The history saving thread hit an unexpected error (OperationalError('attempt to write a readonly database')).History will not be written to the database.


In [2]:
# Load in master dictionary
dic_path = '/Users/anthony_ning/NYU/2024Internship/EDGAR/LoughranMcDonald_MasterDictionary_2014.csv'
md = lm.load_masterdictionary(dic_path, True)
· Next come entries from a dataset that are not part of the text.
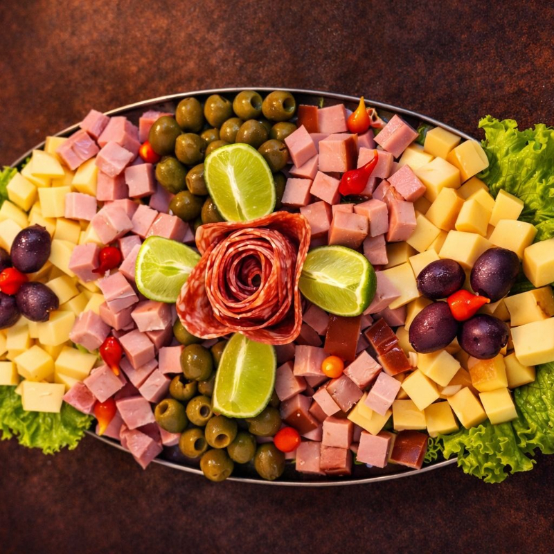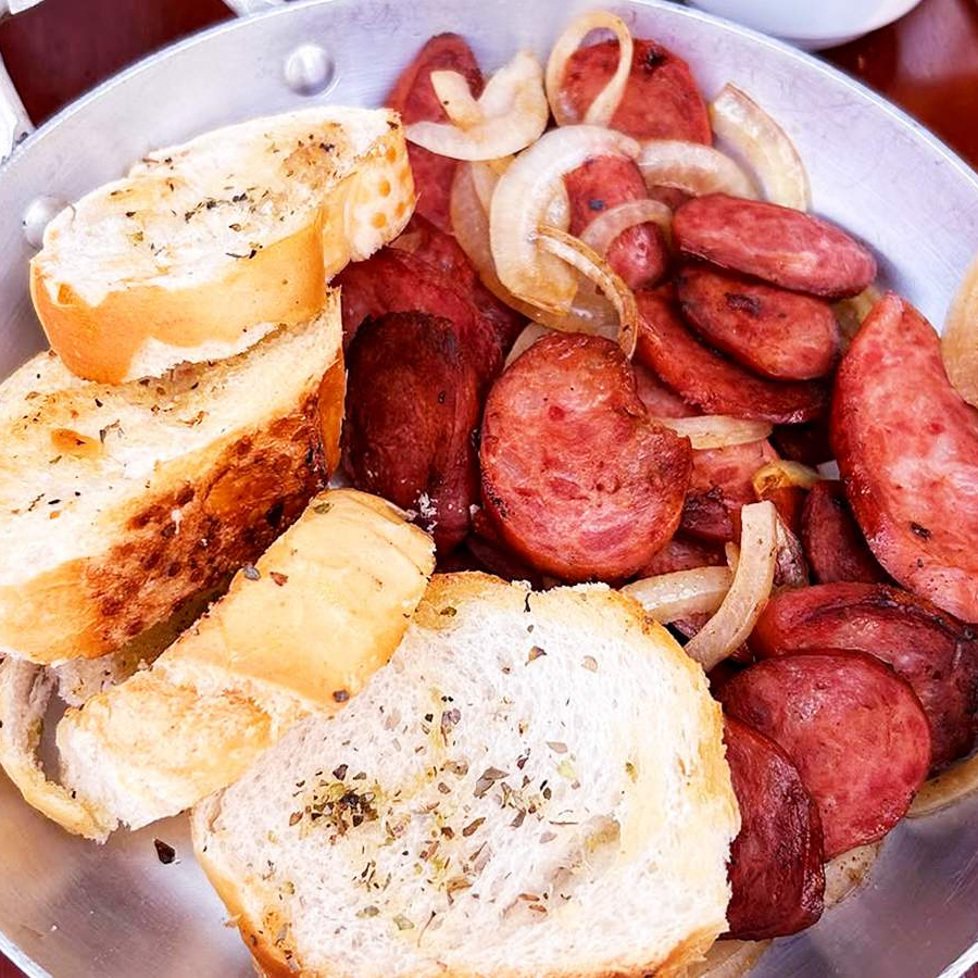 Frango a passarinho, calabresa e fritas + calabresa. Acompanha pão
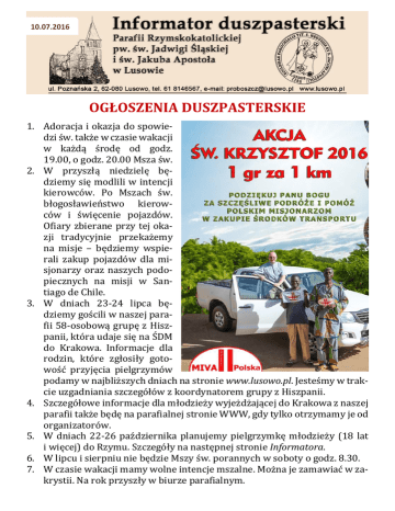 10.07.2016 OGŁOSZENIA DUSZPASTERSKIE 1. Adoracja i okazja do spowiedzi św. także w czasie wakacji w każdą środę od godz. 19.00, o godz. 20.00 Msza św. 2. W przyszłą niedzielę będziemy się modlili w intencji kierowców. Po Mszach św. błogosławieństwo kierowców i święcenie pojazdów. Ofiary zbierane przy tej okazji tradycyjnie przekażemy na misje – będziemy wspierali zakup pojazdów dla misjonarzy oraz naszych podopiecznych na misji w Santiago de Chile. 3. W dniach 23-24 lipca będziemy gościli w naszej parafii 58-osobową grupę z Hiszpanii, która udaje się na ŚDM do Krakowa. Informacje dla rodzin, które zgłosiły gotowość przyjęcia pielgrzymów podamy w najbliższych dniach na stronie www.lusowo.pl. Jesteśmy w trakcie uzgadniania szczegółów z koordynatorem grupy z Hiszpanii. 4. Szczegółowe informacje dla młodzieży wyjeżdżającej do Krakowa z naszej parafii także będę na parafialnej stronie WWW, gdy tylko otrzymamy je od organizatorów. 5. W dniach 22-26 października planujemy pielgrzymkę młodzieży (18 lat i więcej) do Rzymu. Szczegóły na następnej stronie Informatora. 6. W lipcu i sierpniu nie będzie Mszy św. porannych w soboty o godz. 8.30. 7. W czasie wakacji mamy wolne intencje mszalne. Można je zamawiać w zakrystii. Na rok przyszły w biurze parafialnym. RZYM DLA MŁODYCH – PAŹDZIERNIK 2016 Zapraszamy młodzież (18+) naszej parafii na pielgrzymkę do Rzymu w Roku Miłosierdzia. Wyjazd w terminie 22-26 października br. jest organizowany bez udziału biura podróży. Koszt wyjazdu to ok. 1200 zł, koszty będą uzależniona od bieżących cen biletów lotniczych i noclegów. Wylot z Berlina (sobota, g. 6.30, powrót do Berlina – środa, godz. 23.00), ponieważ loty z Poznania nie dają możliwości uczestnictwa w spotkaniu z papieżem Franciszkiem. Pierwsze wpłaty będą na zakup biletów lotniczych przyjmuję do 24 lipca, by w kolejnym dniu dokonać zakupu biletów. Jeśli wcześniej będę miał minimum 6 os. dokonam dla nich wcześniejszego zakupu po niższych cenach. W miarę możliwości proszę o wpłatę 400 zł (gdyby ktoś miał problem z wyłożeniem do razu tej kwoty, proszę o kontakt). Bilety są bezzwrotne (można ewentualnie za dodatkową opłatą zmienić osobę). Będzie możliwość dołączenia do grupy także później, ale trzeba się liczyć ze zmianą cen. INTENCJE MSZY ŚWIĘTYCH PONIEDZIAŁEK 11.07.2016 r. 18.00 – WTOREK 12.07.2016 r. 18.00 – ŚRODA 13.07.2016 r. 20.00 – Z podziękowaniem za odebrane łaski i prośbą o bł. Boże dla Heleny i Kazimierza Szmaniów z ok. 66 rocz. małżeństwa - śp. Marianny Szymańskiej – od Małgorzaty i Jakuba Wenzlów CZWARTEK 14.07.2016 r. 18.00 – O Boże błogosławieństwo i szczęśliwe rozwiązanie PIĄTEK 15.07.2016 r. 18.00 – śp. Henryki Wójtowicz i zm. z rodz. Hombków SOBOTA 16.07.2016 r. 13.00 – SWADZIM – 16.00 – Ślub Magdaleny Szopka i Damiana Ciemniewskiego 17.00 – śp. Marii-Magdaleny Biernackiej – od męża NIEDZIELA 17.07.2016 r. 7.30 – śp. zm. z rodz. Kujawów, Szulczewskich, Świtałów, Torzów, Sobkowiaków, Wleklików, Gulczyńskich, Orcholskich, Mensfeldów 9.00 – O bł. Boże i opiekę Najświętszej Maryi Panny dla ks. Henryka oraz dla ks. Daniela z ok. ich imienin – int. Żywego Różańca - śp. Bronisławy Wojtukiewicz – od sąsiadów Marciniaków 10.30 – śp. Czesława i Teresy Szymańskich, Wacława Gołdowicza i zm. z rodz. Czajków i Kromolickich - śp. Janiny Janeczek – od cioci Heleny 12.00 – śp. Franciszki, Jakuba, Edwarda, Władysława, Zbigniewa Mysiorów - Z podziękowaniem za odebrane łaski i prośbą o bł. Boże dla Zuzanny z ok.1 ur. oraz Jakuba z ok. 31 ur. 18.00 – śp. Eugeniusza Łagutina (31 r. śm.), zm. z rodz. Ludków, Hejwoszów, Łagutinów Intencje są odprawiane wg kolejności. Druga i kolejne intencje, jeśli nie ma dwóch kapłanów przy ołtarzu, będą odprawione w najbliższym czasie w dni powszednie.
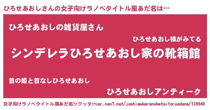 | 男性向けラノベタイトル風あだ名 | 『緋弾のヒロセアオシ』 |
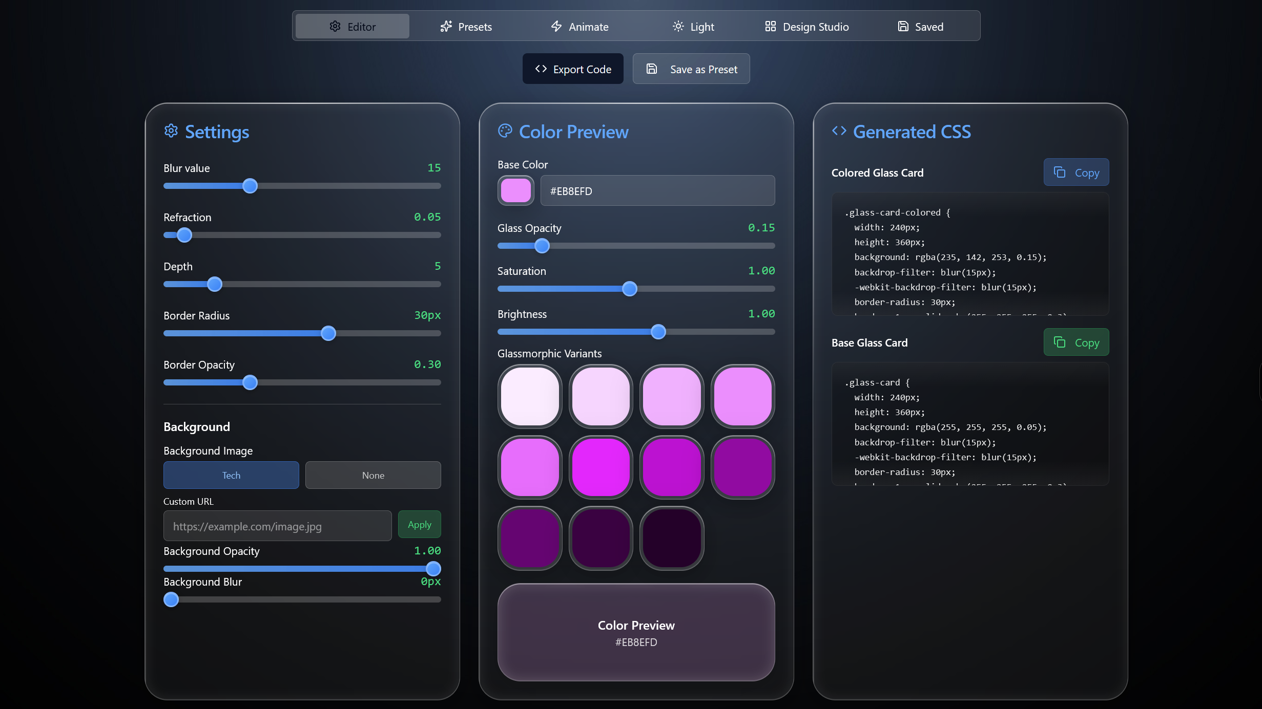 Interactive design tool for creating beautiful glassmorphism UI effects with live CSS generation
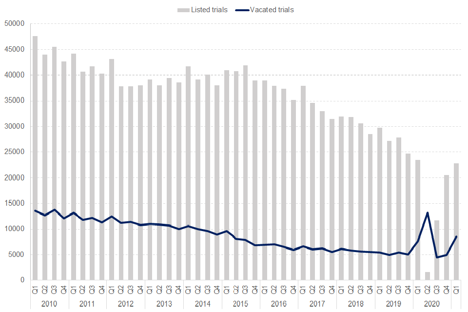 Figure 2: Magistrates’ courts listed trials and vacated trials, Q1 2010 – Q1 2021 (Source: Table M2)
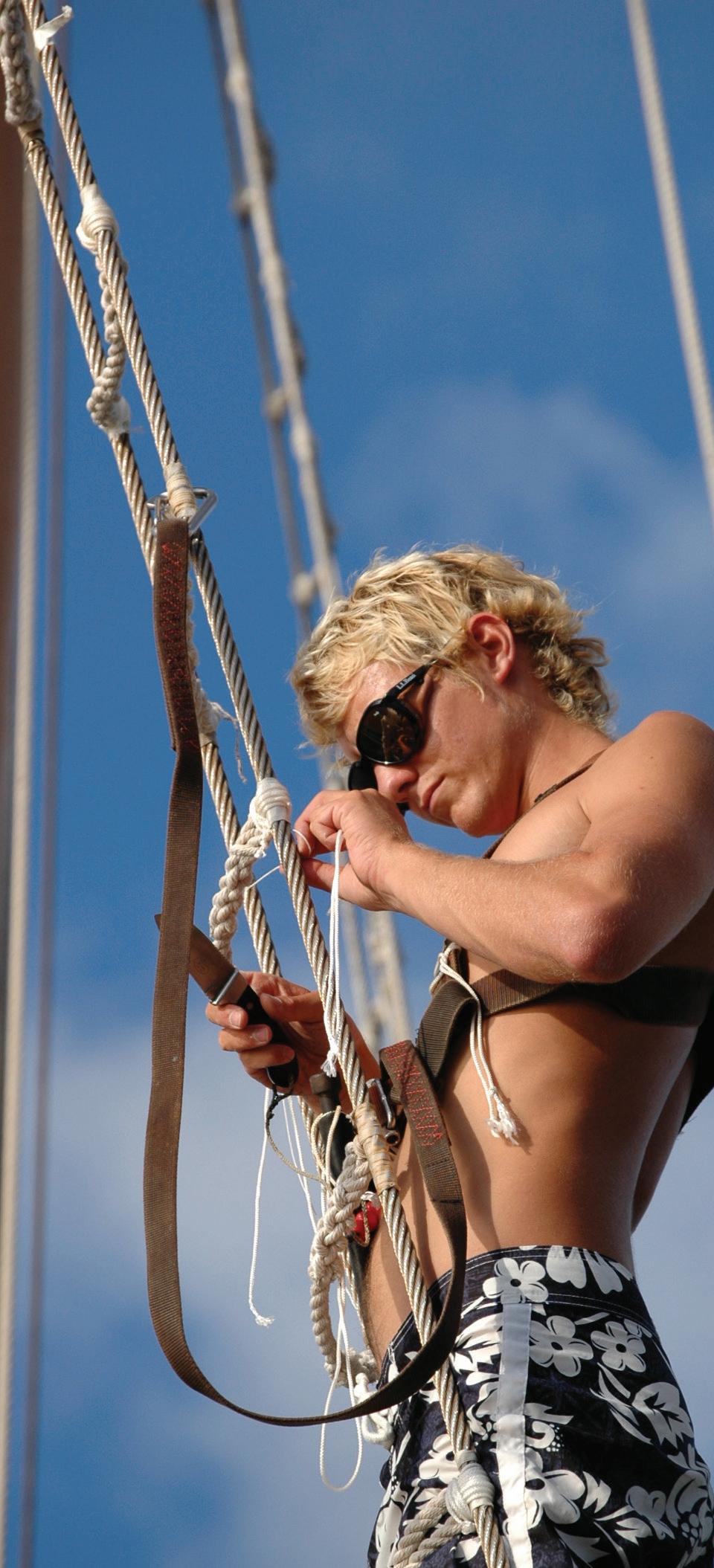 Your first week or so on-board, you learn the basics of sailing and of operating the vessel. You have your first lectures in your academic courses. You begin to understand that everyone shares responsibilities for everything from planning itineraries and provisioning to cooking and cleaning. There are no passengers on this voyage; on-board everyone is a part of the crew and must be a sail, not an anchor if the voyage is to succeed. As the first close working relationships develop, your support for one another, your confidence in yourself, and your enthusiasm grows.

 ...Loading Master Dictionary 85000
Master Dictionary loaded from file: 
  /Users/anthony_ning/NYU/2024Internship/EDGAR/LoughranMcDonald_MasterDictionary_2014.csv
  85,131 words loaded in master_dictionary.



### tf.idf Weights

In [3]:
# Create a list containing only negative words

wrd_lst = []

for word in md:
    if md[word].sentiment['negative']:
        wrd_lst.append(word)

#### Calculation of the 1st matrix: the raw count of each negative word in txt files

In [4]:
# The first matrix
total_negwrd = len(wrd_lst)

def get_matrix1(doc):
    
    # The occurence of each negative word in txt file
    _o_neg = [0] * total_negwrd

    tokens = re.findall('\w+', doc)  # Note that \w+ splits hyphenated words
    
    for token in tokens:
            
        if not token.isdigit() and len(token) > 1 and token in wrd_lst:
            _o_neg[wrd_lst.index(token)] += 1

    return np.array(_o_neg)

#### Calculation of the 2nd matrix: the number of documents containing at least one occurance of each negative word

In [5]:
# The second matrix
def get_matrix2(doc):
    
    # The occurence of each negative word in txt file
    _o_doc = [0] * total_negwrd

    tokens = re.findall('\w+', doc)  # Note that \w+ splits hyphenated words
    
    for token in tokens:
            
        if not token.isdigit() and len(token) > 1 and token in wrd_lst:
            _o_doc[wrd_lst.index(token)] = 1

    return np.array(_o_doc)

#### Calculation of the 3rd matrix: the total word count in txt files

In [6]:
# The third matrix
def get_matrix3(doc):
    
    _o_total = 0

    tokens = re.findall('\w+', doc)  # Note that \w+ splits hyphenated words
    
    for token in tokens:
            
        if not token.isdigit() and len(token) > 1 and token in md:
            _o_total += 1

    return _o_total

In [8]:
# Calculation of the three matrices for 10-K and 10-Q files
TARGET_FILES = './txt/*.txt'

file_list = glob.glob(TARGET_FILES)

matrix_1 = np.zeros((len(file_list), total_negwrd))
matrix_2 = np.zeros((len(file_list), total_negwrd))
matrix_3 = np.zeros((len(file_list), 1))

orders = []
i = 0

for filename in file_list:
    
    orders.append(filename)
    
    with open(filename, 'r', encoding='UTF-8', errors='ignore') as f_in:
        doc = f_in.read()

    doc = doc.upper()
    
    output_matrix1 = get_matrix1(doc)
    matrix_1[i] = output_matrix1
    output_matrix2 = get_matrix2(doc)
    matrix_2[i] = output_matrix2
    t_wrd = get_matrix3(doc)
    matrix_3[i] = t_wrd

    i += 1
    
matrix_2 = np.sum(matrix_2, axis=0)
matrix_1 = matrix_1.T

#### tf.idf calculation (please refer to the formula in the paper of Loughran and McDonald's)

In [9]:
N = len(file_list)
wrd_weight = np.zeros((total_negwrd, N))

for i in range(total_negwrd):
    for j in range(N):
        if matrix_1[i][j] == 0:
            wrd_weight[i][j] = 0
        else:
            wrd_weight[i][j] = (np.log(matrix_1[i][j])+1)/(np.log(matrix_3[j])+1)*np.log(N/matrix_2[i])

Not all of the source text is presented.